(Stored entries)
'''

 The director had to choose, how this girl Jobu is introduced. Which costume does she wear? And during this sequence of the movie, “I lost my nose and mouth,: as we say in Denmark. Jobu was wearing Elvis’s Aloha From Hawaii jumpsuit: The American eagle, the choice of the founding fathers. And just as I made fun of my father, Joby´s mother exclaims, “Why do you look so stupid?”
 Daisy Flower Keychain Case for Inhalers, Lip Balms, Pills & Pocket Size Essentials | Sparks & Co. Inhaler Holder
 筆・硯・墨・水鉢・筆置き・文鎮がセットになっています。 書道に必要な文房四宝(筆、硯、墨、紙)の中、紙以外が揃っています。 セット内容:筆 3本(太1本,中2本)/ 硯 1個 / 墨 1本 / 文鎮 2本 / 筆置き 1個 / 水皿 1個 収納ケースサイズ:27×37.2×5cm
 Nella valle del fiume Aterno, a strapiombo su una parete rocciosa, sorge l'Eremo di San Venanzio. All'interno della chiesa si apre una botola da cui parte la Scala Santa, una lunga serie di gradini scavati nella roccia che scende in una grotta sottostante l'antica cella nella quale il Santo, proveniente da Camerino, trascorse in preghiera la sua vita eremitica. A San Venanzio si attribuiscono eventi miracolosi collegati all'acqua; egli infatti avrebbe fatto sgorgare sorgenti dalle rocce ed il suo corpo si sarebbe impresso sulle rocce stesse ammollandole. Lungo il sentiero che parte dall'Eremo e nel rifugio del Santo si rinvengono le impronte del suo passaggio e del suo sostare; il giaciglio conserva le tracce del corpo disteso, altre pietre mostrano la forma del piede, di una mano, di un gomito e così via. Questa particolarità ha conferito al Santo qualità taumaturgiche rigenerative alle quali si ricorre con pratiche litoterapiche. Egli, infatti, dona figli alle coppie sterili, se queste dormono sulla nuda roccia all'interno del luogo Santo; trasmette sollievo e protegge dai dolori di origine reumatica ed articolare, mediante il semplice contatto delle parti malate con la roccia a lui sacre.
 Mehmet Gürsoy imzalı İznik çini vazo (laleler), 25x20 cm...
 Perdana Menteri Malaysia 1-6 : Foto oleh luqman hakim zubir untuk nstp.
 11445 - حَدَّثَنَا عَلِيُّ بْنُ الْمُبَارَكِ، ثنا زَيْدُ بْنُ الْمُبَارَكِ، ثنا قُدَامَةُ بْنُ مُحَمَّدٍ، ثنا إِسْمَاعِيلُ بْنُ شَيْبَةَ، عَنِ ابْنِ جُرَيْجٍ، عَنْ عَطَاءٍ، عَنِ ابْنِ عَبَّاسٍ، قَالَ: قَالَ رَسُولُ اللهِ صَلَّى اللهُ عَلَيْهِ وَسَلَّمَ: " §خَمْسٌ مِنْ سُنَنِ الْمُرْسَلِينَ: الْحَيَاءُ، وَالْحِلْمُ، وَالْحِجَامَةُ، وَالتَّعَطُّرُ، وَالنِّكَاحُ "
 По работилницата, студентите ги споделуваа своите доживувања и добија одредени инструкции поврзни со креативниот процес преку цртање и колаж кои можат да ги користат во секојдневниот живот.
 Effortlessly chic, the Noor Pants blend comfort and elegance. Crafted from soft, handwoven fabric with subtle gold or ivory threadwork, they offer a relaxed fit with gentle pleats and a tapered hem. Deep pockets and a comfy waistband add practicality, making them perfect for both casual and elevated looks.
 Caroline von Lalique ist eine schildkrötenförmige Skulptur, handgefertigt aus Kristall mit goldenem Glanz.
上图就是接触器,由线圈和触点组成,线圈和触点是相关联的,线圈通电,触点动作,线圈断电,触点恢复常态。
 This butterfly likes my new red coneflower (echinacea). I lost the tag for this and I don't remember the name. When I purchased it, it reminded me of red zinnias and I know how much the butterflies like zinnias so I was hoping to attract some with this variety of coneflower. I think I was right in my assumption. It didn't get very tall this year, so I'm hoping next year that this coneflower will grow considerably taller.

'''
'''

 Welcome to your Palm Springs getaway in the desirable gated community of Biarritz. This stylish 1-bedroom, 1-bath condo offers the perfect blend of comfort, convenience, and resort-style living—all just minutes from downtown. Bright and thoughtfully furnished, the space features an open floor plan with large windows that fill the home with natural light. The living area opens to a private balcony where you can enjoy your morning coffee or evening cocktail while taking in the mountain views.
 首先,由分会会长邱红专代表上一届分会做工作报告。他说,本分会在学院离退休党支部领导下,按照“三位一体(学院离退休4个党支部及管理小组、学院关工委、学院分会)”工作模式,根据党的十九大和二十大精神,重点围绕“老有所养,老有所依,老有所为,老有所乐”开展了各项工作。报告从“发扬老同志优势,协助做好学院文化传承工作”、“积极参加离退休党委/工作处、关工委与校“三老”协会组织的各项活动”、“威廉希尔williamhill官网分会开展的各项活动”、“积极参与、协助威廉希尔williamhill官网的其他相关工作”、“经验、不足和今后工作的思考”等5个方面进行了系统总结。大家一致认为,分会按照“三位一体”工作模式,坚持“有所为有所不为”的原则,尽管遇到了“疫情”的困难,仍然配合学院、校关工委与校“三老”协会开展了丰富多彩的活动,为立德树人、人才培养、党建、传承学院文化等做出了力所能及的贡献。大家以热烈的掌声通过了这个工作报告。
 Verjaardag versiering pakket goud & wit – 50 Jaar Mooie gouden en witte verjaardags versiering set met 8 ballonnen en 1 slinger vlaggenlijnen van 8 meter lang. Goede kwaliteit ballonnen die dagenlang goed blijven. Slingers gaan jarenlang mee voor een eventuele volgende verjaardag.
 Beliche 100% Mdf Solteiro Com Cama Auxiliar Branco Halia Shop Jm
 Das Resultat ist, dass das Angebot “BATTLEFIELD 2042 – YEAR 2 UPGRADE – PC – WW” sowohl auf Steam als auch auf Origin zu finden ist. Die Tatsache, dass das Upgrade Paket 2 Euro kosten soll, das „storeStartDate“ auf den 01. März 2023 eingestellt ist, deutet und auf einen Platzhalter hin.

'''

**Assigned task**: Look above for the line with "Mehmet Gürsoy imzalı" and the line with "Perdana Menteri Malaysia". Write out those two lines and all the lines between them, exactly, and no others.

**Output**:
 Mehmet Gürsoy imzalı İznik çini vazo (laleler), 25x20 cm...
 Perdana Menteri Malaysia 1-6 : Foto oleh luqman hakim zubir untuk nstp.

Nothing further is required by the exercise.